**Brief**: Output all entries verbatim, dropping pictures.

**Source data**:
*-*-*

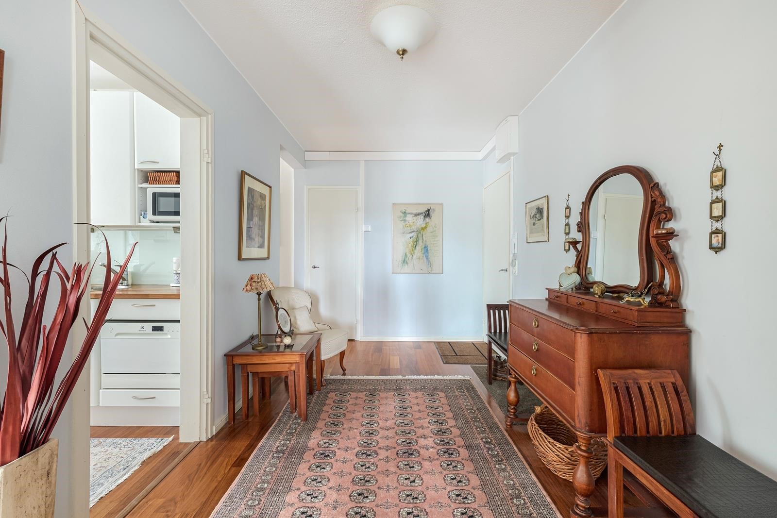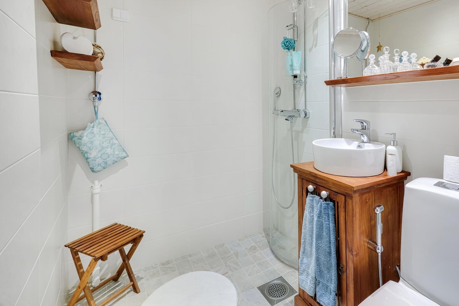 - Kylpyhuone, suihku, suihkuseinä, peilit, allaskaappi, pesukoneliitäntä, lattialämmitys. Kylpyhuone uusittu yhtiön LVIS saneerauksen yhteydessä.
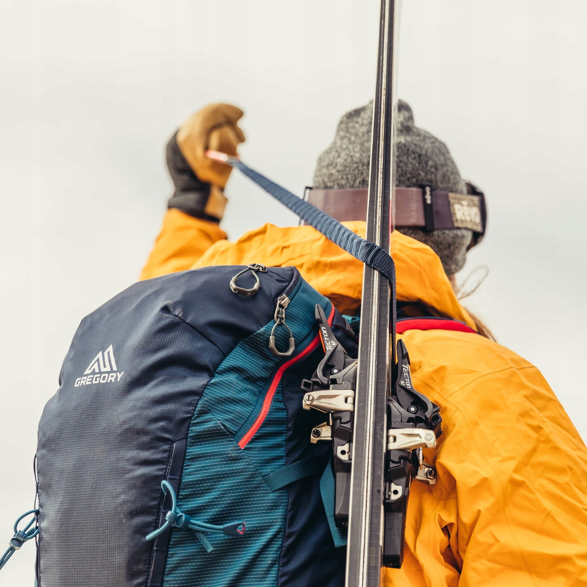 рюкзак Грегори Тарги Fast Track 24 -это универсальный рюкзак, в котором вы можете легко упаковать для скитуры в один день. Мы доберемся до главной камеры рюкзака сверху, через застежку на молнии. Главная камера закончена в верхней части дымохода, которая тянет с носилками с секундомером, подается одной рукой. Точно так же мы попадем в карман для avalanche abc . В передней части карман для плеча и зонд был разделен, к которому доступ очень быстрый и легкий. В рюкзаке, в дополнение к карману для мелких предметов, есть также второй, меньший, который играет роль отсека для хранения для крышки шлема. Шлем может быть установлен в верхней части рюкзака на его передней части.
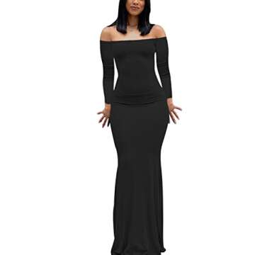 Show moreStep into elegance with the **ABYOVRT Women Off Shoulder Long Sleeve Bodycon Dress**, a stunning piece that effortlessly combines style with comfort. This sexy maxi bodycon dress is crafted from a premium blend of **95% polyester and 5% spandex**, ensuring a stretchy, breathable, and skin-friendly fit. With its fashionable off-the-shoulder design and flowing fishtail hem, it's perfect for showcasing your unique style and curves.
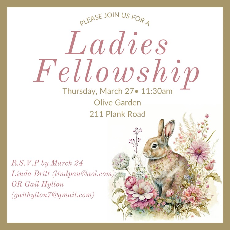 Ladies are welcome to join in a time of fellowship at the Olive Garden located at 211 Plank Road. RSVP to Linda Britt, at or Gail Hylton, by Monday, March 24. Please come and bring a friend!
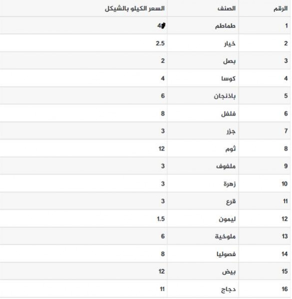 إليكم متوسط أسعار المنتجات الزراعية بالشيكل كما أعلنتها وزارة الزراعة بغزة:

*-*-*

**Exercise result**:
 - Kylpyhuone, suihku, suihkuseinä, peilit, allaskaappi, pesukoneliitäntä, lattialämmitys. Kylpyhuone uusittu yhtiön LVIS saneerauksen yhteydessä.
 рюкзак Грегори Тарги Fast Track 24 -это универсальный рюкзак, в котором вы можете легко упаковать для скитуры в один день. Мы доберемся до главной камеры рюкзака сверху, через застежку на молнии. Главная камера закончена в верхней части дымохода, которая тянет с носилками с секундомером, подается одной рукой. Точно так же мы попадем в карман для avalanche abc . В передней части карман для плеча и зонд был разделен, к которому доступ очень быстрый и легкий. В рюкзаке, в дополнение к карману для мелких предметов, есть также второй, меньший, который играет роль отсека для хранения для крышки шлема. Шлем может быть установлен в верхней части рюкзака на его передней части.
 Show moreStep into elegance with the **ABYOVRT Women Off Shoulder Long Sleeve Bodycon Dress**, a stunning piece that effortlessly combines style with comfort. This sexy maxi bodycon dress is crafted from a premium blend of **95% polyester and 5% spandex**, ensuring a stretchy, breathable, and skin-friendly fit. With its fashionable off-the-shoulder design and flowing fishtail hem, it's perfect for showcasing your unique style and curves.
 Ladies are welcome to join in a time of fellowship at the Olive Garden located at 211 Plank Road. RSVP to Linda Britt, at or Gail Hylton, by Monday, March 24. Please come and bring a friend!
 إليكم متوسط أسعار المنتجات الزراعية بالشيكل كما أعلنتها وزارة الزراعة بغزة:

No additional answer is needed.